Rhætia belonged to the Western Emperors, so long as that Empire stood; and then it descended, with Italy and the Roman Senate, to Odoacer King of the Heruli in Italy, and after him to Theoderic King of the Ostrogoths and his successors, by the grant of the Greek Emperors. Upon the death of Valentinian the second, the Alemans and Suevians invaded Rhætia A.C. 455. But I do not find they erected any settled kingdom there: for in the year 457, while they were yet depopulating Rhætia, they were attacked and beaten by Burto Master of the horse to the Emperor Majoranus; and I hear nothing more of their invading Rhætia. Clodovæus King of France, in or about the year 496, conquered a kingdom of the Alemans, and slew their last King Ermeric. But this kingdom was seated in Germany, and only bordered upon Rhætia: for its people fled from Clodovæus into the neighbouring kingdom of the Ostrogoths under Theoderic, who received them as friends, and wrote a friendly letter to Clodovæus in their behalf: and by this means they became inhabitants of Rhætia, as subjects under the dominion of the Ostrogoths.
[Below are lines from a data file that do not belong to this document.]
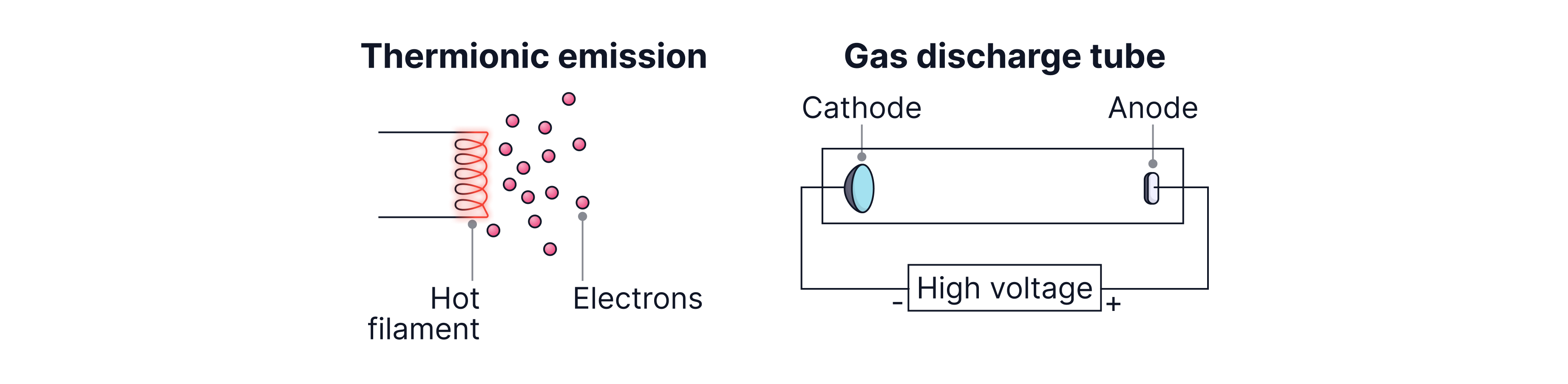 Thermionic emission: Heating a metal cathode gives electrons enough energy to escape the surface.
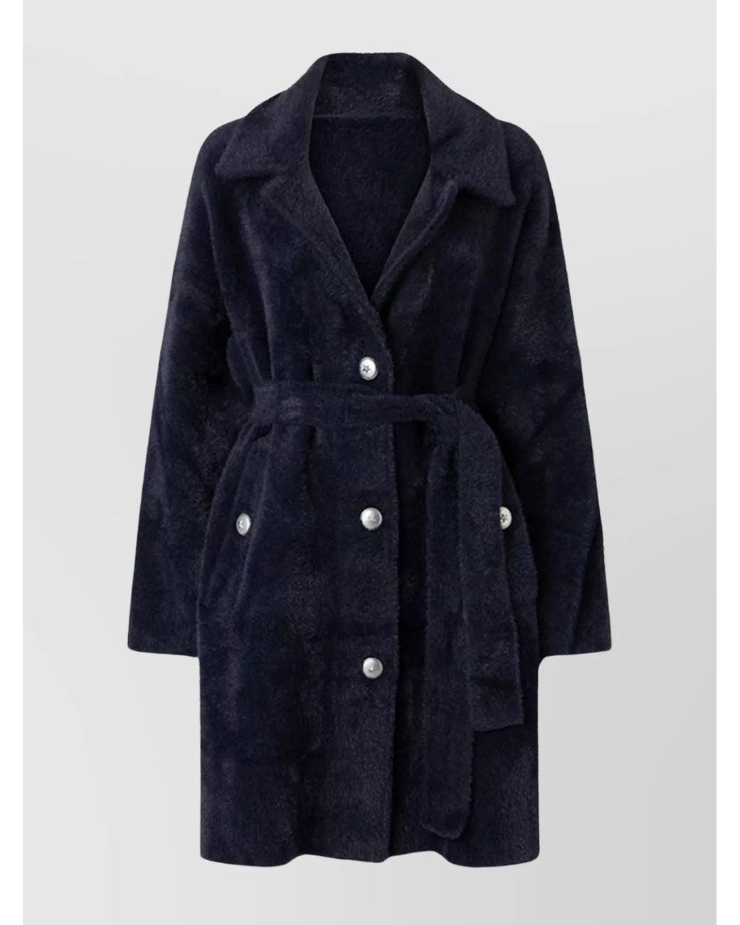 Belted waist | Faux fur texture | Double-breasted design | Notched lapels | Button closure Colour: blue
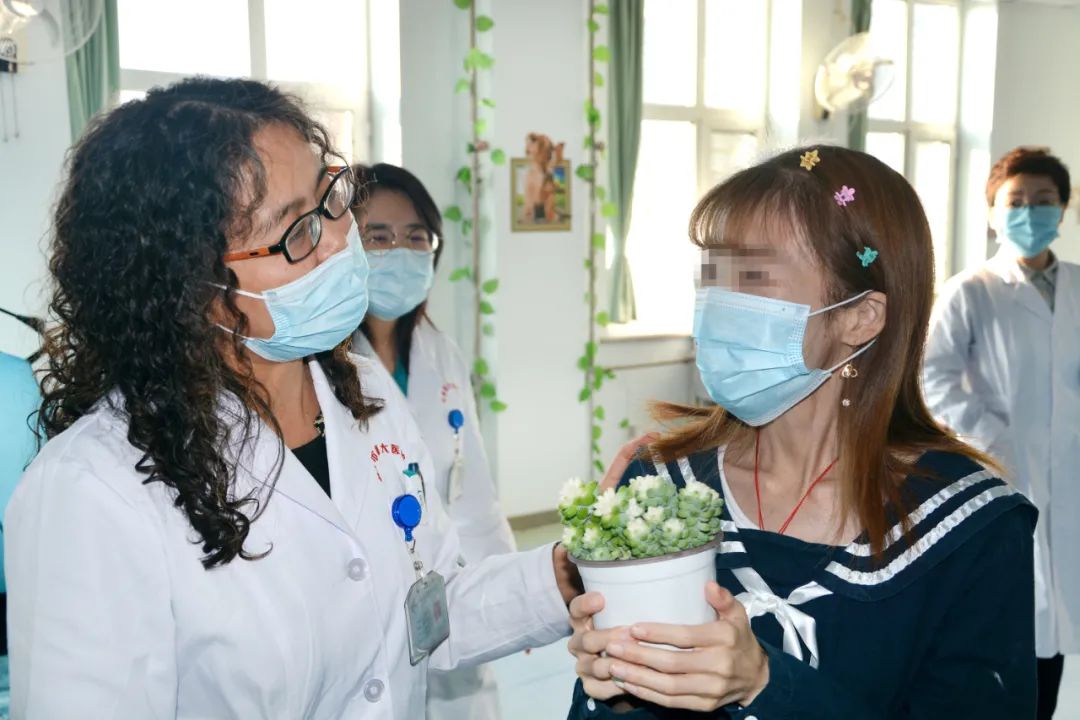 高兴地看见琳琳体重增长到30公斤,彭新贤主任和张亚东医生也兑现了当初的承诺,送给她一份小礼物——一盆生机勃勃的小绿植。

When the Greek Emperor conquered the Ostrogoths, he succeeded them in the kingdom of Ravenna, not only by right of conquest but also by right of inheritance, the Roman Senate still going along with this kingdom. Therefore we may reckon that this kingdom continued in the Exarchate of Ravenna and Senate of Rome: for the remainder of the Western Empire went along with the Senate of Rome, by reason of the right which this Senate still retained, and at length exerted, of chusing a new Western Emperor.
I have now enumerated the ten kingdoms, into which the Western Empire became divided at its first breaking, that is, at the time of Rome's being besieged and taken by the Goths. Some of these kingdoms at length fell, and new ones arose: but whatever was their number afterwards, they are still called the Ten Kings from their first number.
Notes to Chap. VI.
[1] Apud Bucherum, l. 14. c. 9. n. 8.
[2] Rolevinc's Antiqua Saxon. l. 1. c. 6.